Commissioned as part of the Art-in-Transit (AiT) programme — a public art showcase which integrates artworks into the MRT network — Charm of Bay (also named Bulbous Abode) by Lim Shing Ee is displayed at the concourse level of the station. The artwork, which consists of the wall patterns, floor tiles and the station columns, creates a "whimsical landscape" at the concourse level. Each of the concourse's "bulbous" boulder-like columns, cladded in brown, resembles "primitive monuments" such as pebbles and boulders in rivers to reflect the locality's role as the primary settling point of early Chinese immigrants. The boulders cast artificial shadows on the station floor (with darker coloured floor tiles) intended to "map" the commuter traffic as people passes through these rounded spaces.
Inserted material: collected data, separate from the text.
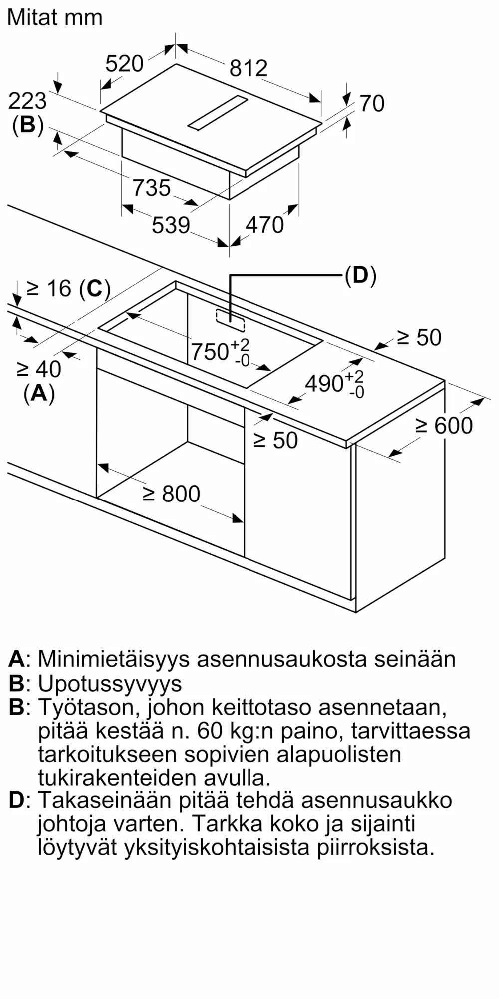 223x812x520 mm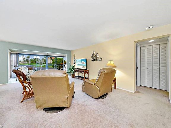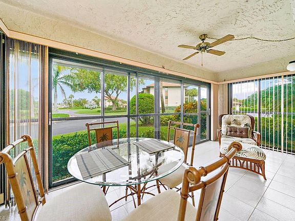 Comfortable, move-in ready and TURNKEY FURNISHED with an updated kitchen and master bath, this spacious condo is your perfect winter home! This first floor unit has a dedicated carport space and offers more living area than other condos in this price range. Open floorplan with split bedrooms are a timeless design. This remodeled kitchen has expansive granite counters, newer cabinets, stone backsplashes, stainless appliances, loads of storage, attractive lighting fixtures and island for entertaining. Fully glass-enclosed lanai with sliders that open to screens for cool breezes. It adds an extra 128sf of living space! Walk right out the back door without taking the stairs or elevator. MOTORIZED HURRICANE SHUTTERS over EVERY window that operate at the push of a button. Master bedroom was redesigned with large walk-in closet and adjacent bath was remodeled with a walk-in corner shower and 2 vanities. Why buy a home when you can enjoy this much space and convenience without maintenance? Monthly fees include building insurance, flood insurance, heated community pool and large clubhouse, water and sewer and high-speed internet and HD cable! BE SURE TO WATCH THE 3D VIRTUAL TOUR!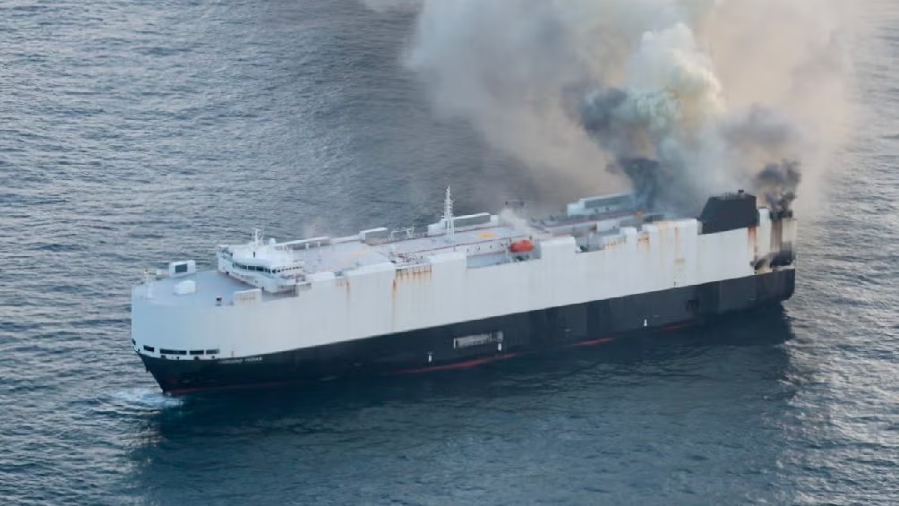 Buque que viajaba de China a Michoacán se hunde con miles de vehículos eléctricos a bordo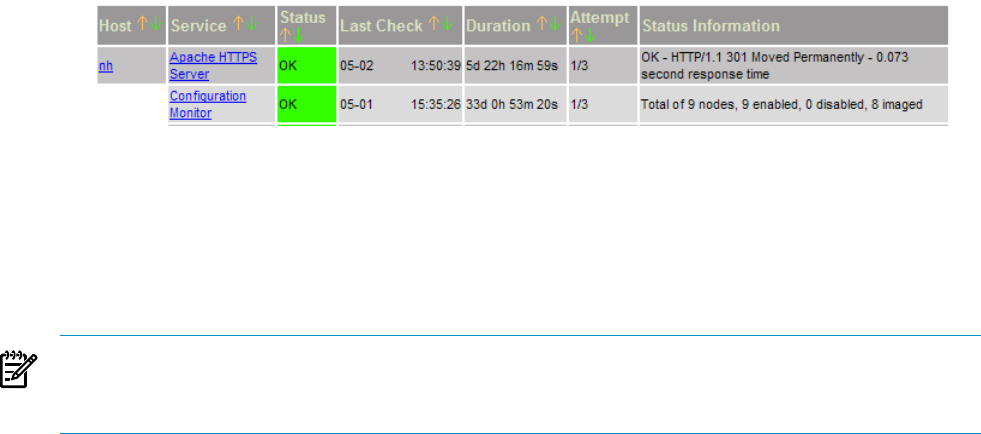 Nagios reports messages in the Service Detail and Service Problems windows. These messages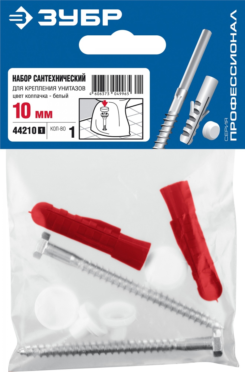 - Набор включает в себя полный комплект крепежных изделий, необходимых для установки унитаза: дюбели, шурупы, декоративные колпачки и втулки пластмассовые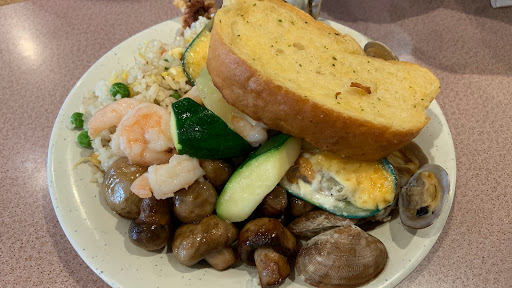 Waiter was attentive. Food is okay but can be improved. The hot food was cold. Steaks tips were too hard to chew. The teppanyaki was good. It is your regular buffet. Ice cream and the almond cookies were very good.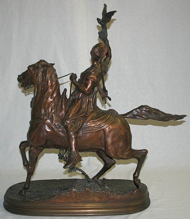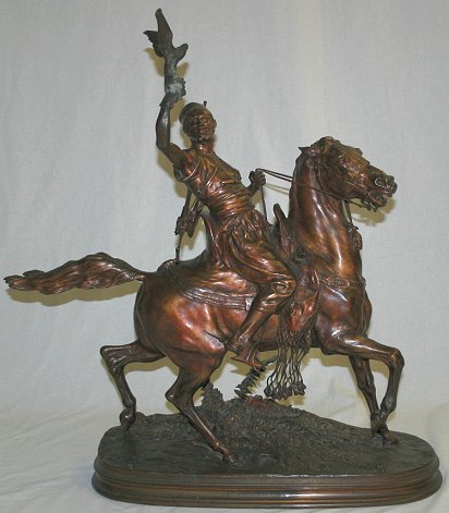 MENE, P.J., (French, 1820-1879): ''Fauconnier'', Patinated Bronze, 30 ½'' h., impressed signature, incised dedication, ''Hommage a Mr Louis Bunand par son personnel, November 1863''.

The abstract patterns on the two opposing walls were inspired by former plantations in the area, along with elements of water and man-made landscapes. These patterns intend to reflect Telok Ayer's history and name, which means "Bay Water" in the Malay language. Each of the figures seem to be related or directed towards the next, as though passing down stories of the past to the next generation. The artwork figures were produced by PolyVision Ceramic Steel using screen printing on durable panels, ensuring that the artwork does not fade.

The artwork project required collaboration with the station's contractors and architects and was one of Lim's (and her partner Kazunori Takeishi's) first major public projects. The work was well received by other AiT artists. Erzan Adam, the artist for the artwork at Farrer Park station, remarked that the work offered an "upbeat, quirky" interpretation of the locality's history, while Yek Wong, the artist for the artwork at one-north station, "loved" the artwork's "quirky" pop references with its "fresh colours".